Long-range exon coordination analysis
We used our previously developed scripts33,54 to look for coordination between distant pairs of exons.
Visualizing genomic data
Genomic alignments were visualized using the UCSC genome browser70 and IGV76 (v2.4.10).
Statistical analyses
Statistical analyses and plotting were carried out using Prism (v7) and R (v3.5.0).
Data availability
Sequencing libraries have been deposited to GEO with the accession code GSE118158.
Author contributions
JM, SB, GH and CL conceived the study and experimental design. SB, SH, NB and TM designed the RNA capture panel. SH and SB carried out bioinformatics analysis. MS supervised ONT sequencing experiments, bioinformatics analyses and manuscript preparation. JB and KB carried out RNA capture and library preparation for ONT long-read sequencing. DK carried out RNA capture and library preparation for Illumina short-read sequencing. SC processed ONT sequencing data. HT carried out long-range exon coordination analysis. SH and JM wrote the manuscript, with advice from all authors.

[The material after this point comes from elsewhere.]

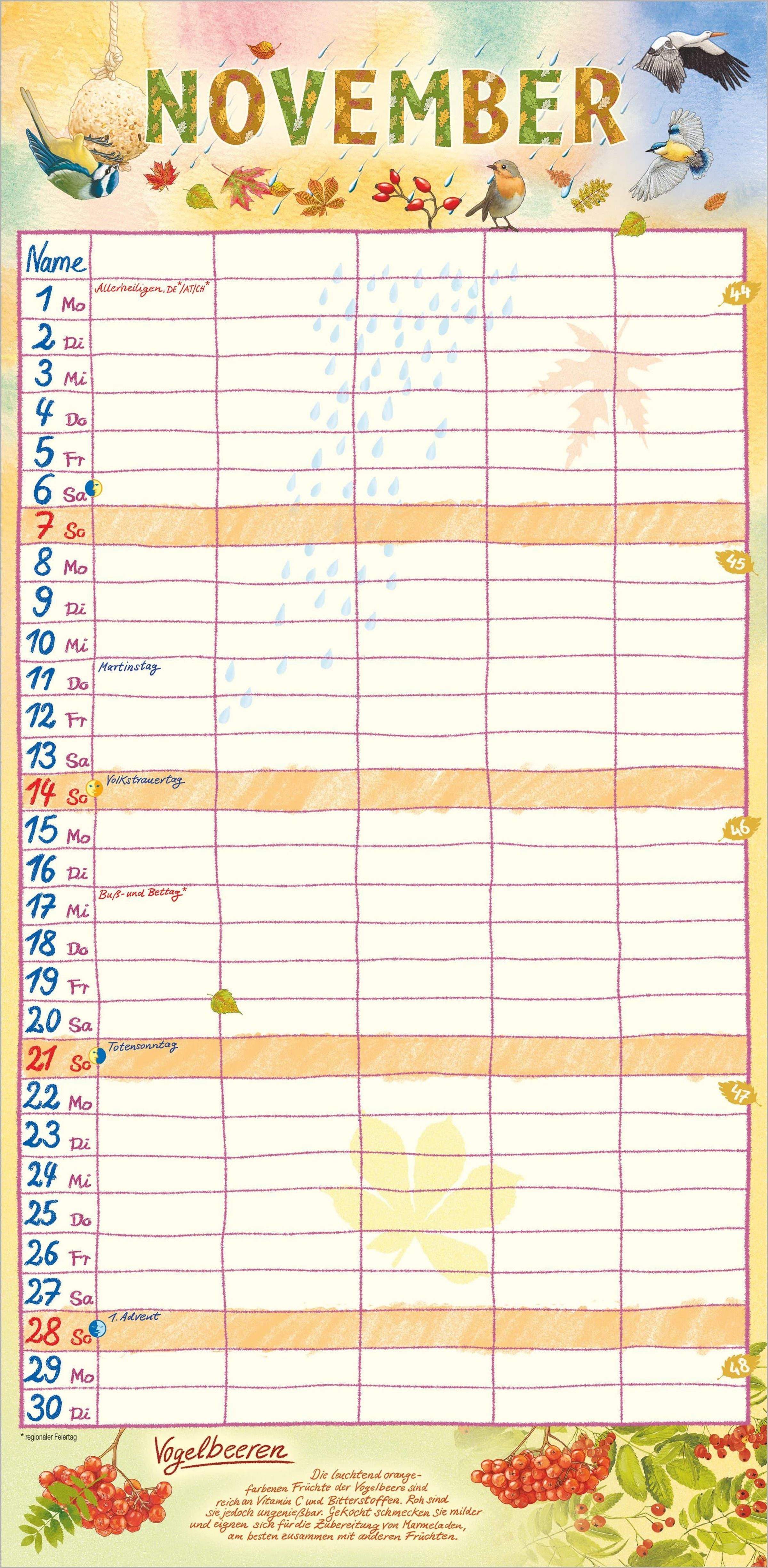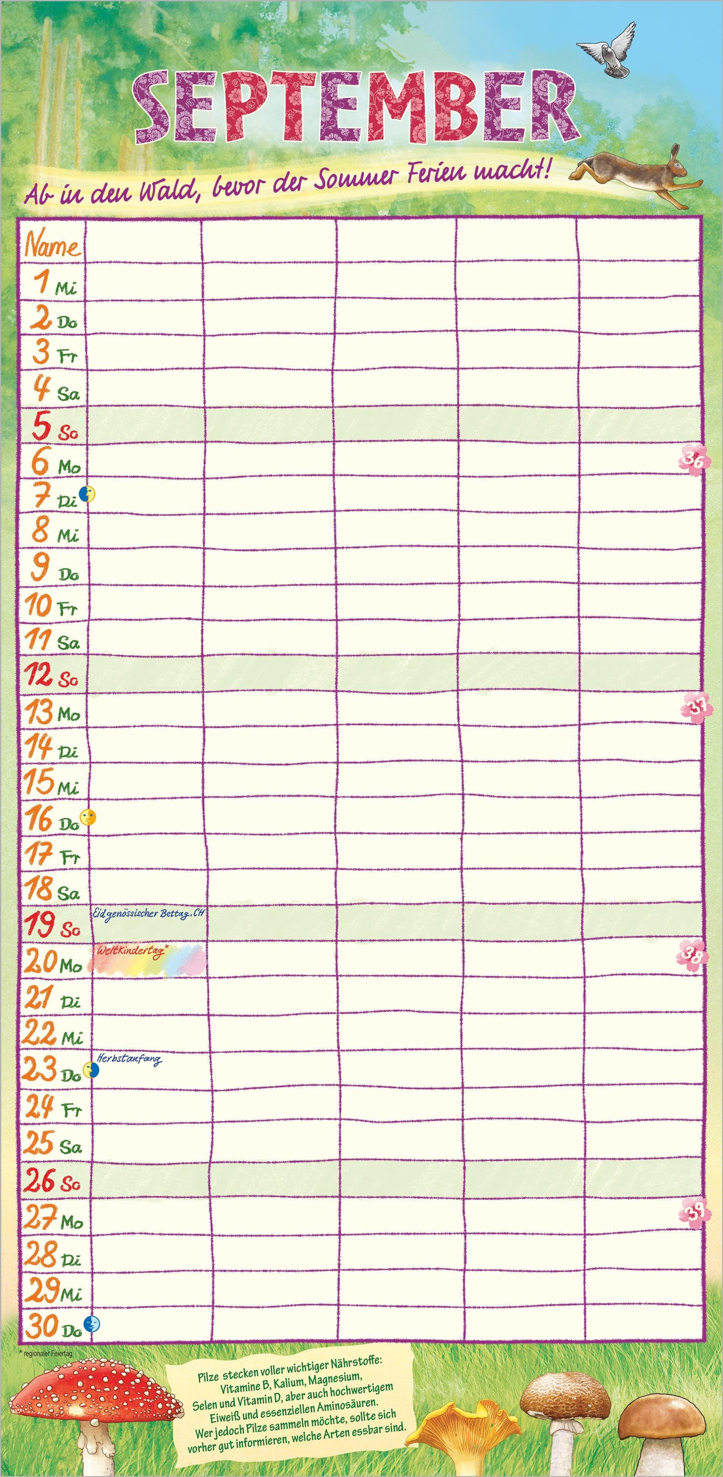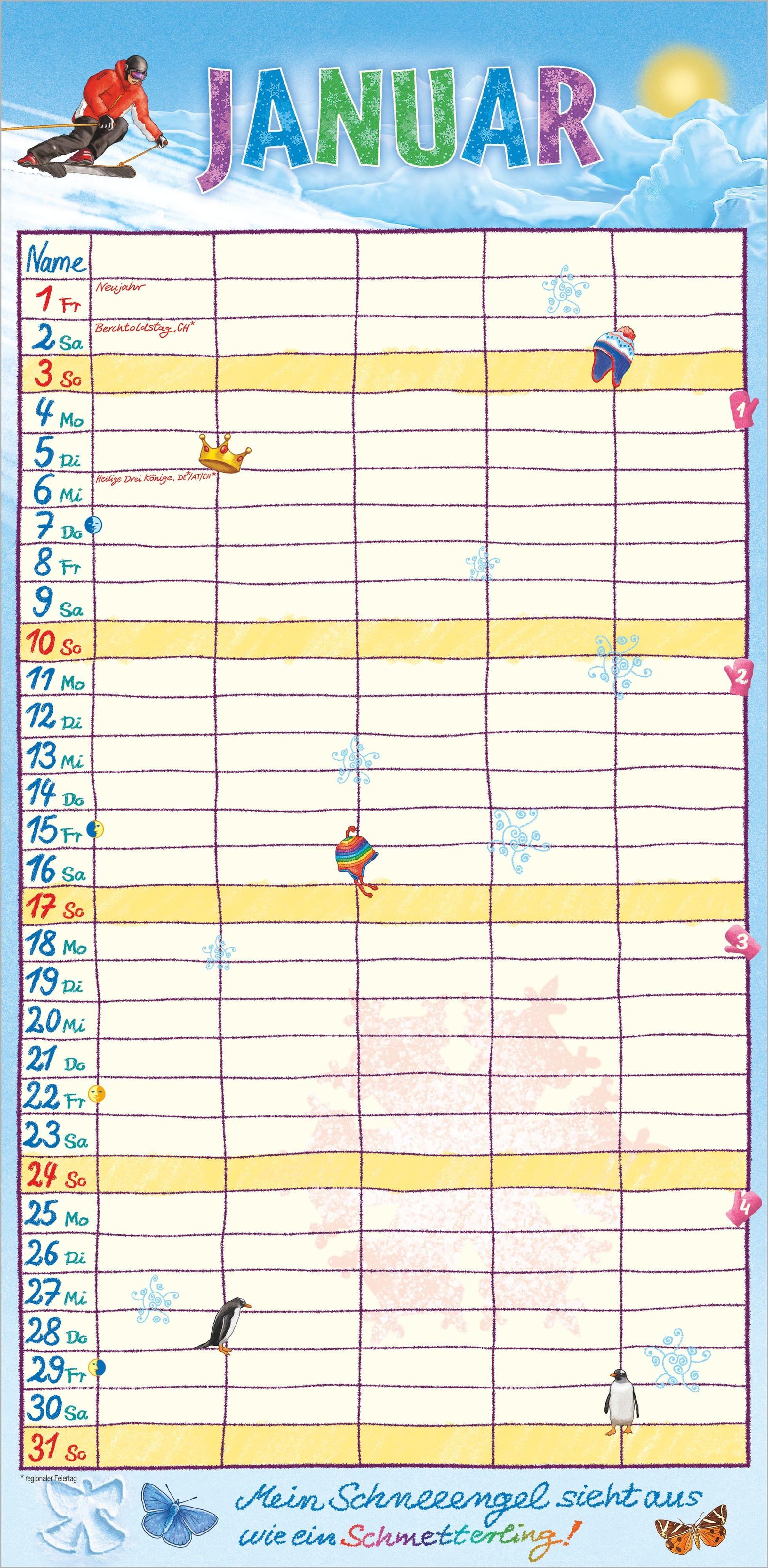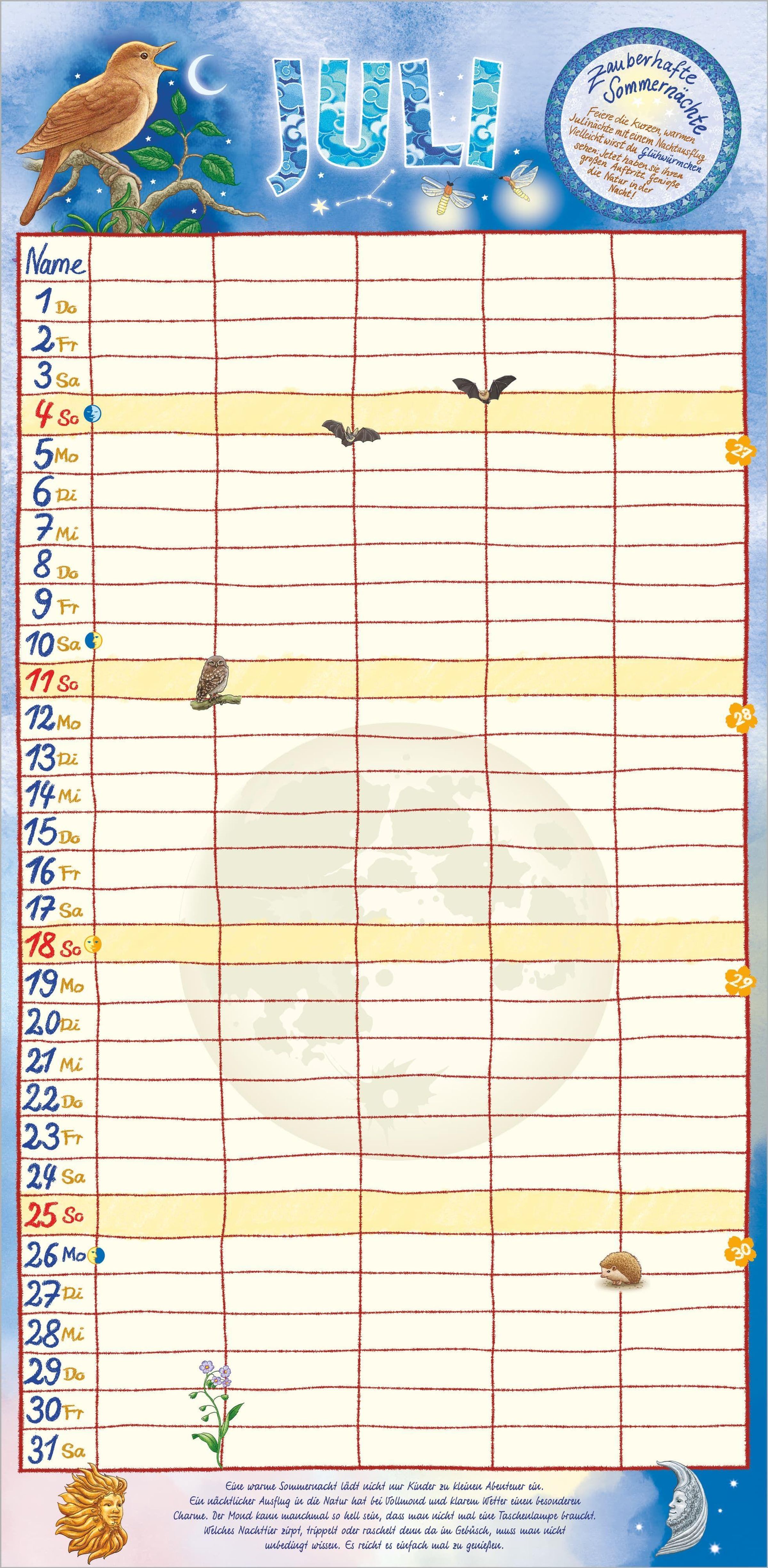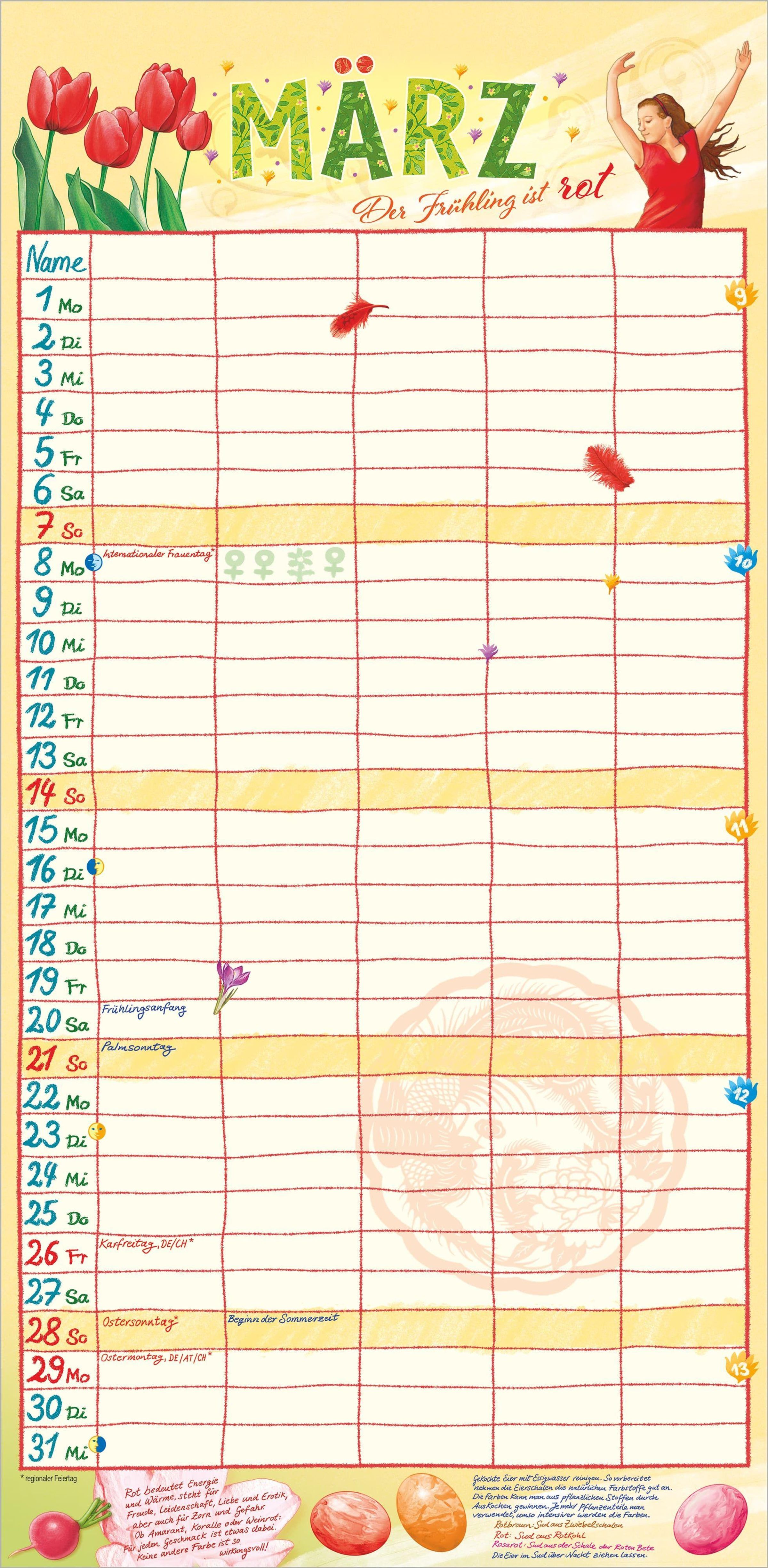 Das große Format von 22 x 45 cm bietet ausreichend Platz für Termine, Geburtstage, Arztbesuche oder Familienausflüge. Passend zur Jahreszeit und zu besonderen Festen sorgt der Illustrator Frank Bayer mit seinen farbenfrohen, stimmungsvollen Bildern Monat für Monat für gute Laune. Das deutschsprachige Kalendarium enthält alle Feiertage für Deutschland, Österreich, die Schweiz, Frankreich und Italien -- inklusive Ferientermine für eine perfekte Planung.

Conflict of interest statement
MS has received travel and accommodation expenses to speak at Oxford Nanopore Technologies conferences. TM is an inventor on a patent (PCT/AU2015/050797) relating to sequin spike-in controls. Otherwise, the authors declare that the submitted work was carried out in the absence of any professional or financial relationship that could potentially be construed as a conflict of interest.
Acknowledgements
We would like to thank Mr James Ferguson and Mr Ted Wong (Garvan Institute) for providing computational support during data analysis. We also thank Dr Ira Deveson (Garvan Institute) for providing access to chromosome 21 CaptureSeq datasets. Brain tissue was received from the New South Wales Brain Tissue Resource Centre at the University of Sydney, which is supported by the Schizophrenia Research Institute. This work was supported by National Health & Medical Research Council (NHMRC) Program Grant 1132524 to GH, JM and CL. SH is supported by a NHMRC Early Career Fellowship (APP1156531). GH is supported by a NHMRC Senior Principal Research Fellowship (1079679). TM is supported by a NHMRC Australia Fellowship (1062470) and also by the Paramor Family Fellowship. HT is a Leon Levy Research Fellow in Neuroscience and is furthermore grateful for a generous gift by Anita Garoppolo. Research reported in this publication was supported by the National Institute on Alcohol Abuse and Alcoholism of the National Institutes of Health under Award Number R28AA012725. The content is solely the responsibility of the authors and does not necessarily represent the official views of the National Institutes of Health.